Cohen has another reason to be happy. The segment he’s watching is from Futurama, the show that he codeveloped back in 1999 with Simpsons creator Matt Groening. (Cohen wrote and produced some of the animated sitcom’s most popular episodes.) With that pedigree, Futurama seemed like a can’t-fail proposition, but it was canceled five years ago. This footage, however, is new: Futurama is back in production, and the unexpected return is as curious as the story of its abrupt cancellation.
Set in the year 3000, Futurama‘s interstellar sci-fi future isn’t a shiny utopia like The Jetsons or a dark dystopia like Blade Runner. It’s a time that seems wonderful or awful depending on how you look at it — just like the present. “On The Jetsons, there’s a machine that ties your tie for you,” Cohen says. “On Futurama, there’d be a machine that tied your tie, but it would malfunction and start strangling you.”
Those kinds of macabre twists would be Futurama‘s undoing. Fox was expecting something familiar, The Simpsons in space. Executives certainly were not prepared for the bizarre contours of Groening and Cohen’s brave new world. “The network’s attitude quickly went from tremendous excitement to great fear,” Groening says. “They were very troubled by the suicide booth. They didn’t like the ‘All-Tentacle Massage’ parlor.”
Futurama premiered to strong ratings, but as the show was shuffled around the schedule, viewership slipped. Every season, the renewal notice came late — so late that there wasn’t always time to deliver a full slate of episodes. After the fourth season, the people working on the show waited and waited for a renewal notice until they eventually assumed — correctly — that it wasn’t going to come. “We didn’t get to finish the way we would’ve liked,” Cohen says.

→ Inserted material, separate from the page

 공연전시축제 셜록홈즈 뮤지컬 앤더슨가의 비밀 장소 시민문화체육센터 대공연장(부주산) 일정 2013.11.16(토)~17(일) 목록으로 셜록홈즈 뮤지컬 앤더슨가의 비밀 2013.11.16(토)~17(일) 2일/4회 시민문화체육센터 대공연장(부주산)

Futurama was never a mass market success — it never generated universally known catchphrases like “Don’t have a cow, man” or a movie that grossed half a billion dollars. It just attracted a niche of enthusiastic devotees. But in the modern media landscape, a hardcore niche of fans can be all you need.
Futurama was killed, but like some B-movie cyborg it refused to stay dead. The fans watched the 72 episodes religiously in syndication and shelled out $170 to get the entire run on DVD. So, in 2005, Fox green-lighted 16 new episodes. Cohen and Groening have reassembled many of the hundreds of writers, animators, and voice artists who’d gone on to other projects to create four DVDs of new material, including sexy robot stage shows. The first DVD hits stores on November 27, and the features will then be divided into half-hour episodes when the entire run of the series begins airing on Comedy Central next year.

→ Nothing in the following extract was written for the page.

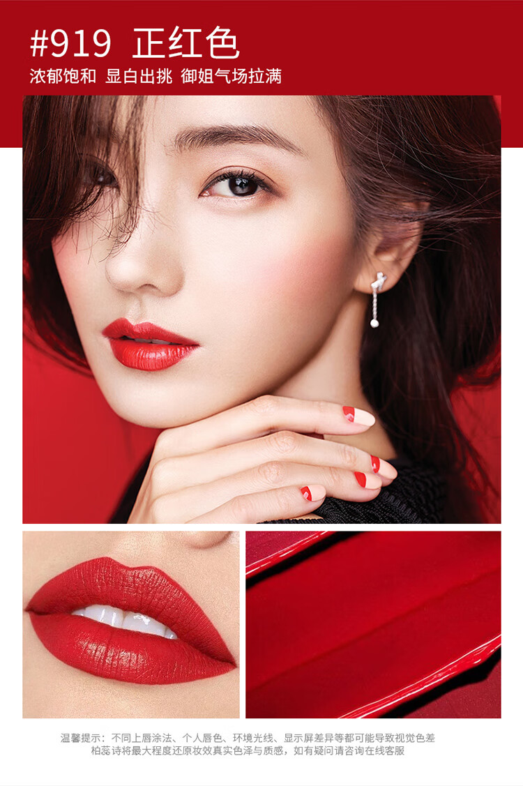 柏蕊诗鱼子酱口红雾锻唇膏锁色显白轻薄保湿不脱妆不沾杯818/919送女友 #919正红色[组合装:3.2g+2.8ml]

At last, Futurama is getting a fifth season.
Star Trek had a token alien crew member. Futurama‘s crew includes an alien, a mutant, and a robot.
Image: Matt Groening; Futurama TM and 2007 Twentieth Century Fox Film Corporation. All Rights Reserved.

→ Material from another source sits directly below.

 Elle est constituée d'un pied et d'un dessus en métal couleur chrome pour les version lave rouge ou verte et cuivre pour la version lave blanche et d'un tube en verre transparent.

Matt Groening’s studio in Santa Monica, California, is where Futurama is written and where Groening draws his comic strip, Life in Hell, which has been a newspaper fixture for nearly three decades. It’s also where Groening keeps his music collection. There’s an entire room stacked floor to ceiling with LPs, CDs, and tapes, everything from Swiss yodels to Balinese gamelan. It’s a sunny afternoon in late September, and Groening’s a day late delivering the latest installment of Life in Hell. “When I’m procrastinating, I come in here and file a few dozen records,” he says.
Groening, 53, is an omnivorous mediaphile, and it shows in his work. The Simpsons began as a straightforward parody of the conventions of domestic sitcoms but quickly turned into a nonstop barrage of pop culture references and allusions. For Futurama, Groening drew upon a childhood shaped by Isaac Asimov stories and the colorful covers of pulp magazines. (There’s a stack of Amazing Stories and Fantastic Adventures from the 1950s on a shelf near a few of his Emmy statuettes.)
Groening shows me another media archive housed nearby in the studio: a wall full of sci-fi paperbacks. He points to some that he and Cohen studied while working on their show. Arthur C. Clarke! Alfred Bester! Stanislaw Lem! Rudy Rucker! Kurt Vonnegut!